April 12, 2011 will make two years since my best friend of nine years passed on to another place. Life has been extra difficult for me since. The hardest part is at the time of his passing we weren't speaking because of someone else's lies. It tore us apart. I don't know how that person can live with himself. Whenever I see him, I look at him with so much cynicism and blame. I can take part of the fault versus arguing, I should have just taken time to calm down. Christopher aka "Eli", I miss you...

Christopher was like the male version of me. I know that sounds weird, but our minds worked identically. He knew what I was thinking before I opened my mouth. I was very blessed to have him in my life. I know he's still with me, but it still rips me apart... He was only 29. And was taken by a heart attack.

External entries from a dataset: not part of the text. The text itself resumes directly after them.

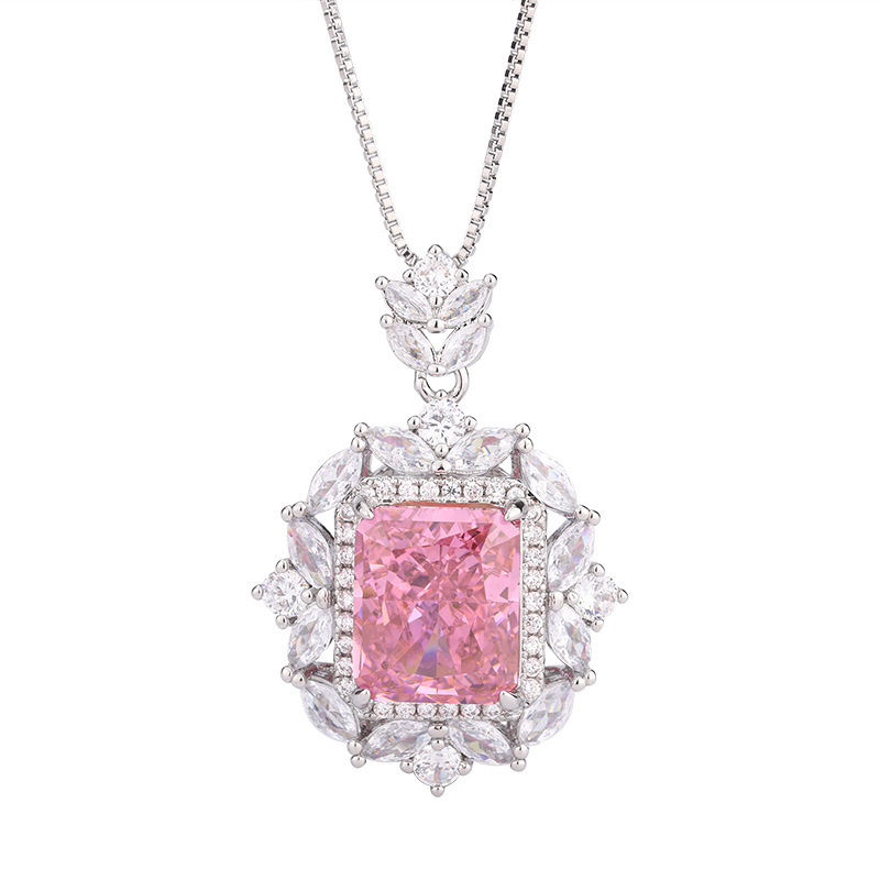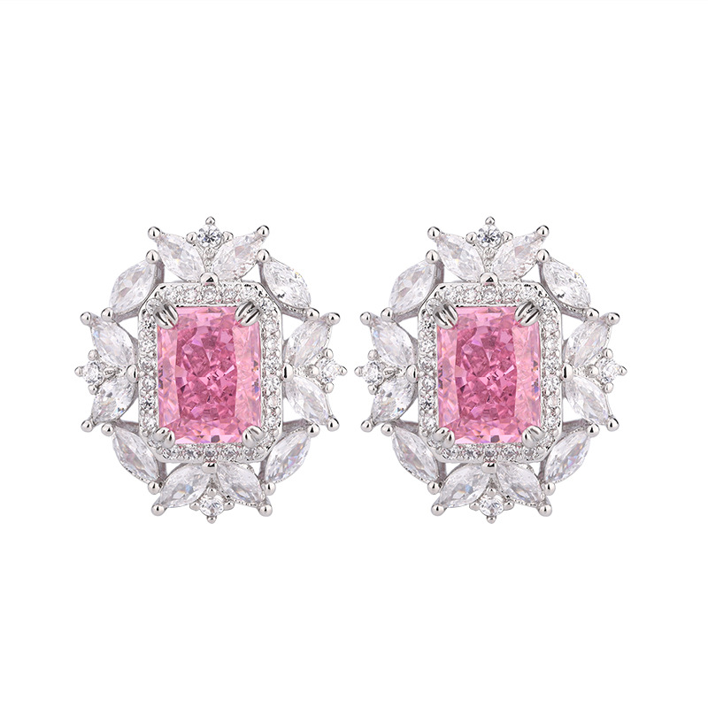 Nueva joyería de Zhuang Shengsheng, diamante con alto contenido de carbono, flor de hielo, diamante rosa profundo, incrustaciones de cobre, traje de moda de alta gama 10*12-6*8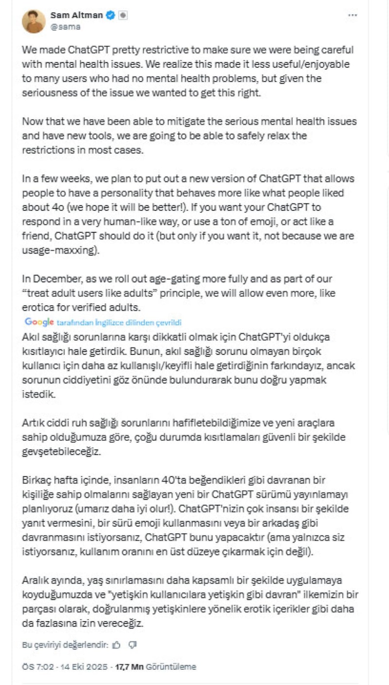 Altman, “Yetişkin kullanıcıları yetişkin gibi davranarak ele alacağız” diyerek platformun erotik içeriklere izin vereceği yeni bir dönemi işaret etti.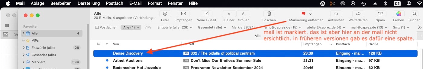 mac mini 2018, Sonoma 14.6.1, mail 16.0, markierungen nicht sichtbar bei spaltendarstellung
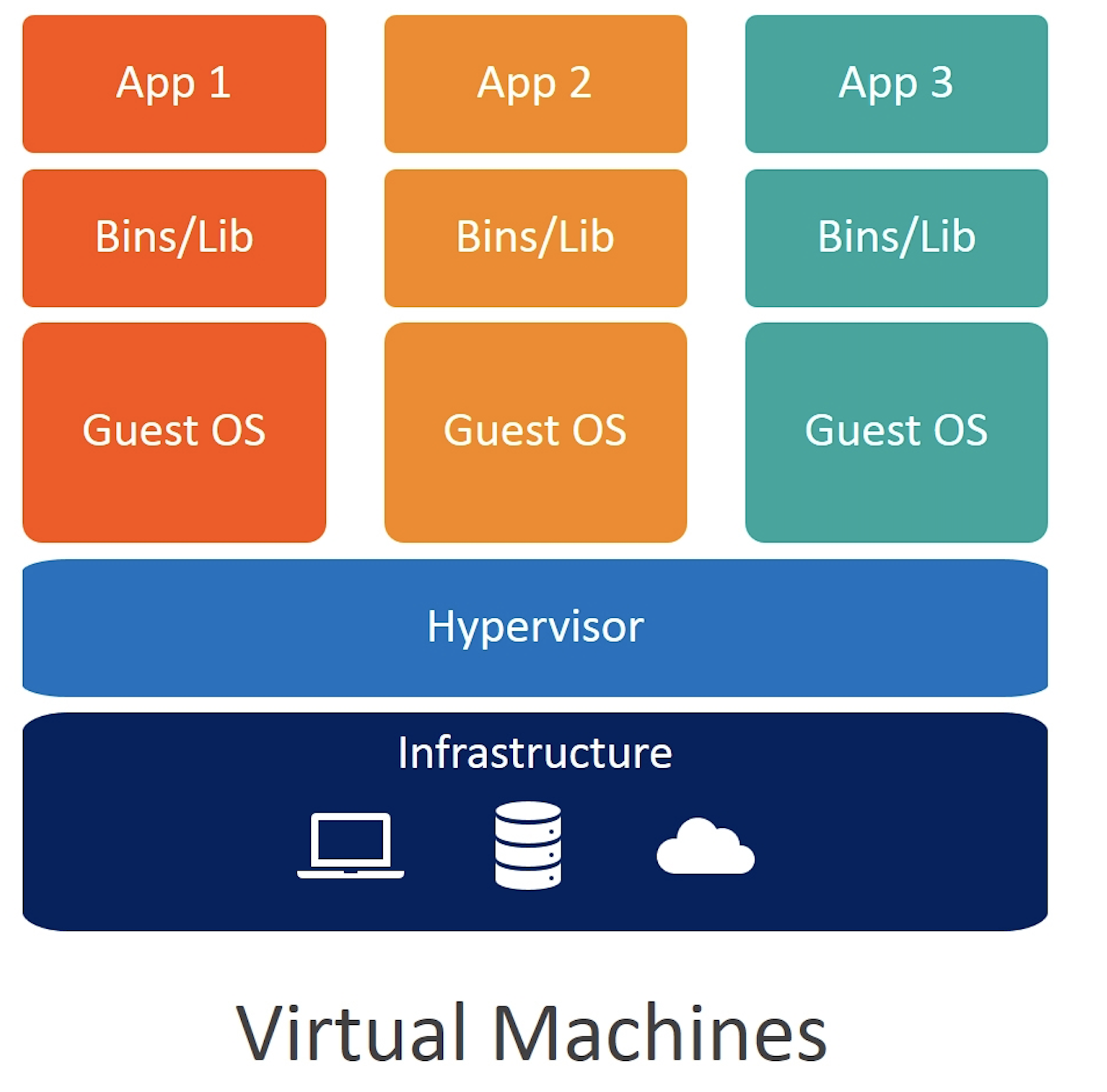 Guest OS를 각각 이용하면서 모든 OS마다 라이브러리, 커널등을 전부 포함하고 있으며 운영체제가 동작하기 위한 기능들이 모두 포함되어 있기때문에 자원의 소모가 크며 느리다. 또한 배포하기 위한 용량이 커지게 된다.

What started the fight? Well when he came down to Arkansas, before I moved back up to Michigan, he stayed with us for two weeks. I feel some ease knowing he got to come back to Arkansas at least once before he left. The thing with Chris, is he was gay. A lot of my friends are. Well my father in laws brother made comments to him like "gay *** *****" and well I didn't hear him say it cause I was inside. Well the person who made the comments tried to say I told him to do so, and a bunch of other ****. I question why Chris would've even believed it, I think it was probably how mad I got at him for even thinking I would say something like that.

I had moved back to Michigan 12 days before he passed, sadly we never got to settle things. I did however make it to his memorial service. His family holds a close place in my heart... but I don't think there is anyone out there who will ever be able to relate so closely to me and understand me.

We had so much in common, we were both sexually abused. We both had a very crazy sense of humor.... One thing I will never forget is when he called Family Fare and asked if they sold maxi pads. They said yes. He said well do you sell maxi pads with wings. They said yeah. He goes well you better go catch em cause there flying away. Then his belching over the intercom at Walmart.... Yeah I'm a tomboy... lol I miss those times as immature as it sounds.